As an alternative, the 20b mannequin with low pondering effort persistently landed on the Pareto frontier, even rivaling the 120b medium configuration on benchmarks like FinanceBench, HotpotQA, and MultihopRAG. In the meantime, excessive pondering effort hardly ever mattered in any respect.
How we arrange our experiments
We didn’t simply pit GPT-OSS towards itself. As an alternative, we needed to see the way it stacked up towards different robust open-weight fashions. So we in contrast gpt-oss-20b and gpt-oss-120b with:
- qwen3-235b-a22b
- glm-4.5-air
- nemotron-super-49b
- qwen3-30b-a3b
- gemma3-27b-it
- phi-4-multimodal-instruct
To check OpenAI’s new “pondering effort” characteristic, we ran every GPT-OSS mannequin in three modes: low, medium, and excessive pondering effort. That gave us six configurations in complete:
- gpt-oss-120b-low / -medium / -high
- gpt-oss-20b-low / -medium / -high
For analysis, we solid a large web: 5 RAG and agent modes, 16 embedding fashions, and a variety of stream configuration choices. To guage mannequin responses, we used GPT-4o-mini and in contrast solutions towards recognized floor reality.
Lastly, we examined throughout 4 datasets:
- FinanceBench (monetary reasoning)
- HotpotQA (multi-hop QA)
- MultihopRAG (retrieval-augmented reasoning)
- PhantomWiki (artificial Q&A pairs)
We optimized workflows twice: as soon as for accuracy + latency, and as soon as for accuracy + price—capturing the tradeoffs that matter most in real-world deployments.
Optimizing for latency, price, and accuracy
Once we optimized the GPT-OSS fashions, we checked out two tradeoffs: accuracy vs. latency and accuracy vs. price. The outcomes have been extra shocking than we anticipated:
- GPT-OSS 20b (low pondering effort):
Quick, cheap, and persistently correct. This setup appeared on the Pareto frontier repeatedly, making it one of the best default selection for many non-scientific duties. In apply, which means faster responses and decrease payments in comparison with larger pondering efforts. - GPT-OSS 120b (medium pondering effort):
Greatest suited to duties that demand deeper reasoning, like monetary benchmarks. Use this when accuracy on complicated issues issues greater than price. - GPT-OSS 120b (excessive pondering effort):
Costly and often pointless. Preserve it in your again pocket for edge circumstances the place different fashions fall quick. For our benchmarks, it didn’t add worth.
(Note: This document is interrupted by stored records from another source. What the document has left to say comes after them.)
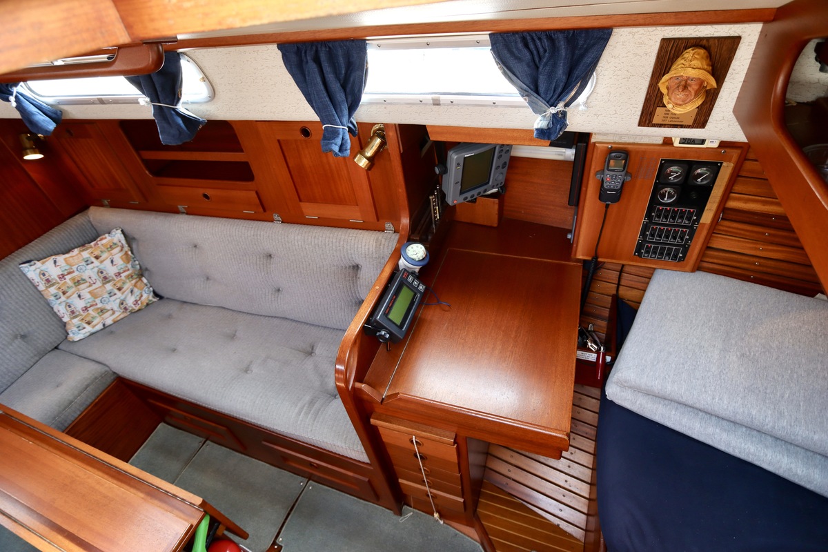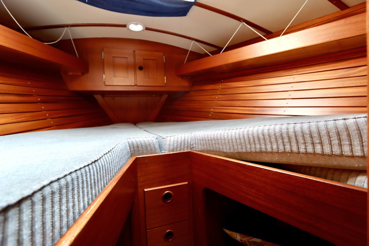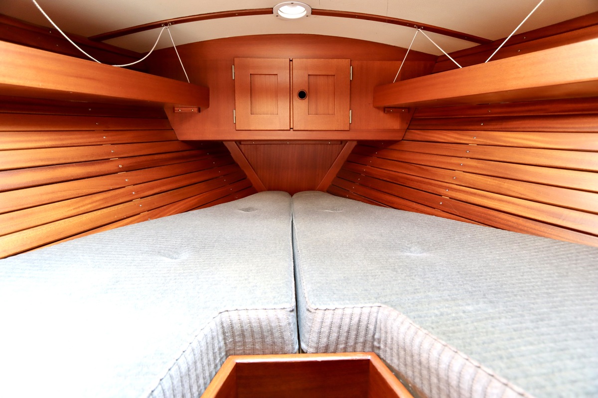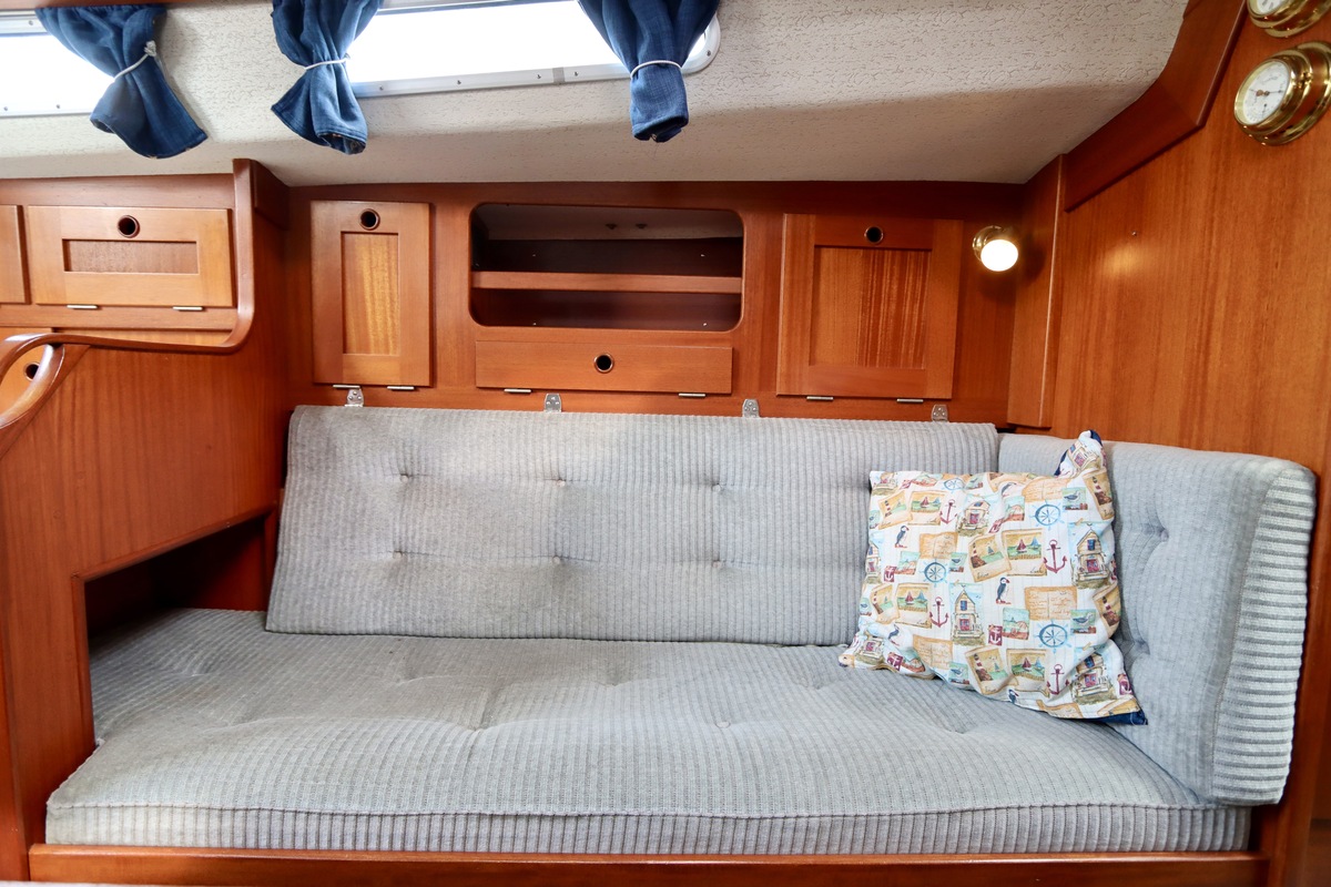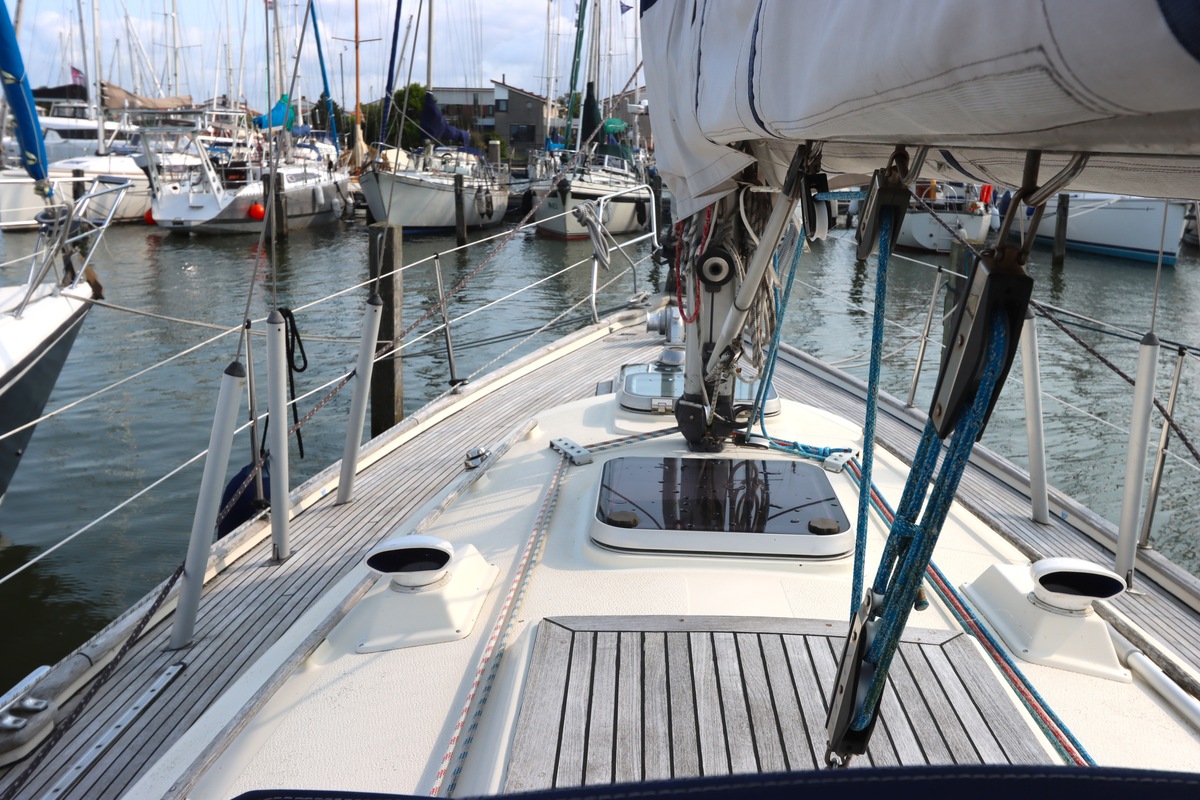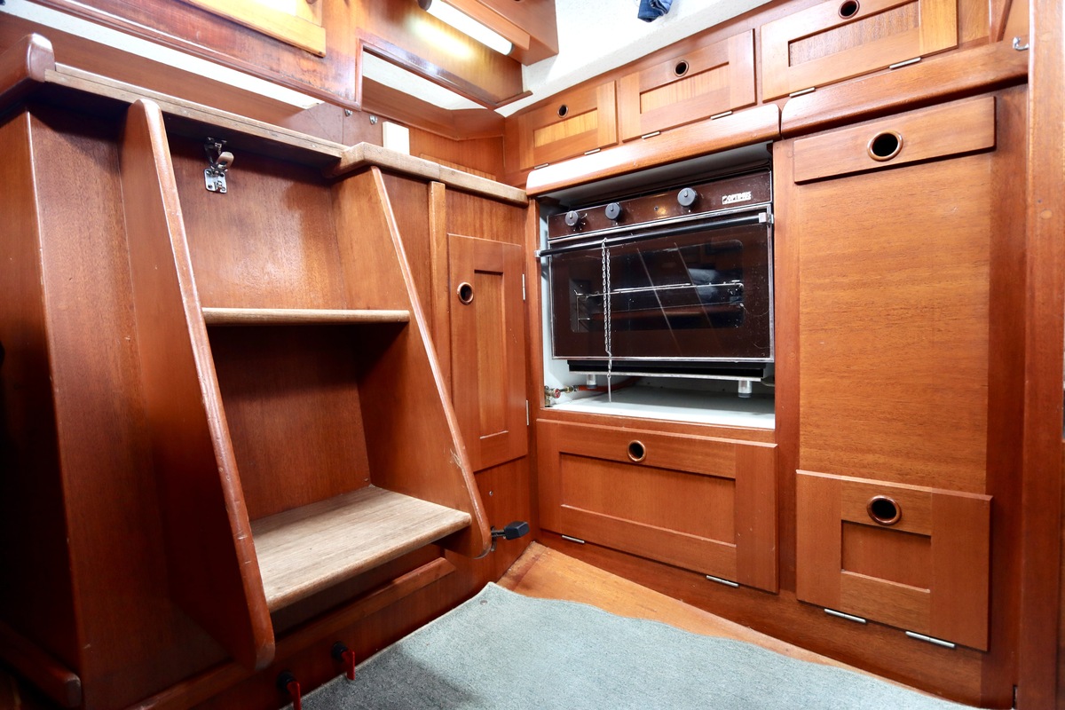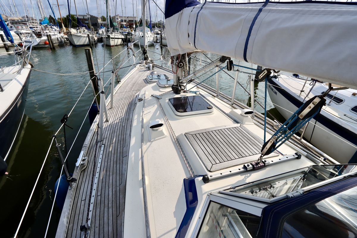 In 1986, the Hallberg-Rassy 312 Mk II was introduced. The most notable change was the larger, higher-mounted windows, which created more light and space in the saloon. The standing height was also increased from 1,83 to 1,85 meters. The galley gained more workspace, and the interior was modified to include a separate head with a shower tray and a standard quarterberth. The boat is well-maintained and ready for adventure.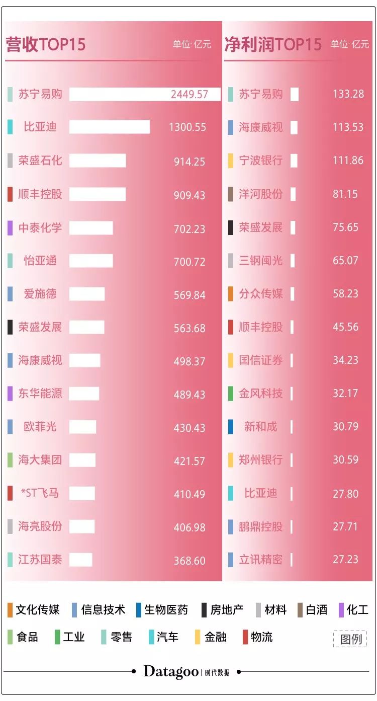 据上图所示,在营收前十五的公司中,包括苏宁易购在内共有3家来自零售行业,信息技术也有3家,其次是材料、物流、化工各2家,汽车、房地产、食品各一家;在净利润前十五的公司中,信息技术和金融行业排第一,各有3家,其次是零售、白酒、房地产、材料、文化传媒、物流、工业、生物医药、汽车各一家。同时上榜的除了苏宁还有比亚迪、顺丰控股、荣盛发展、海康威视。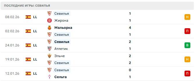 Нервионцы в последнем матче против Жироны добыли важную ничью 1:1 на выезде, забив гол на 90+2-й минуте благодаря Кике Саласу. До этого Севилья одержала минимальную победу над Атлетиком 2:1, что придало команде уверенности.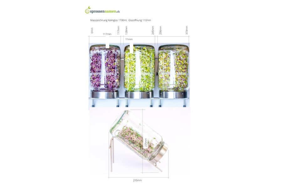 • Sprossenglas 1700ml (Keimglas) mit Unterteller & Gummifüßli – perfekt für deinen Sprossenstart
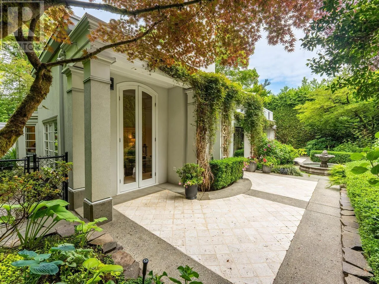 A beautiful French chateau-inspired estate on exclusive Angus Drive,offering exceptional privacy just minutes from downtown Vancouver. Set on a large private lot, this home blends European elegance and fine craftsmanship featuring intricate moldings, a dramatic 16-ft ceiling living room, and garden views from every window. The layout includes 3 bdrms,4 bathrooms,2 dining areas,and a spacious kitchen with pantry. The luxurious primary suite offers a private office, spa-like ensuite, and balcony.Enjoy indoor-outdoor living via 10-ft French doors to south-facing patios, a 50-ft pool surrounded by lush,mature English gardens.A 455 sq separate 1-bdrm guest house with a kitchen and bathroom is ideal for visitors or caregiver.Refined living in sought after Shaughnessy,close to South Granville. (id:27476)

Studying the outcomes extra fastidiously
At first look, the outcomes look simple. However there’s an necessary nuance: an LLM’s high accuracy rating relies upon not simply on the mannequin itself, however on how the optimizer weighs it towards different fashions within the combine. As an example, let’s have a look at FinanceBench.
When optimizing for latency, all GPT-OSS fashions (besides excessive pondering effort) landed with related Pareto-frontiers. On this case, the optimizer had little purpose to focus on the 20b low pondering configuration—its high accuracy was solely 51%.

When optimizing for price, the image shifts dramatically. The identical 20b low pondering configuration jumps to 57% accuracy, whereas the 120b medium configuration truly drops 22%. Why? As a result of the 20b mannequin is way cheaper, so the optimizer shifts extra weight towards it.

The takeaway: Efficiency is determined by context. Optimizers will favor totally different fashions relying on whether or not you’re prioritizing velocity, price, or accuracy. And given the massive search area of doable configurations, there could also be even higher setups past those we examined.
Discovering agentic workflows that work effectively in your setup
The brand new GPT-OSS fashions carried out strongly in our exams — particularly the 20b with low pondering effort, which frequently outpaced costlier opponents. The larger lesson? Extra mannequin and extra effort doesn’t all the time imply extra accuracy. Generally, paying extra simply will get you much less.
That is precisely why we constructed syftr and made it open-source. Each use case is totally different, and one of the best workflow for you is determined by the tradeoffs you care about most. Need decrease prices? Sooner responses? Most accuracy?
Run your individual experiments and discover the Pareto candy spot that balances these priorities to your setup.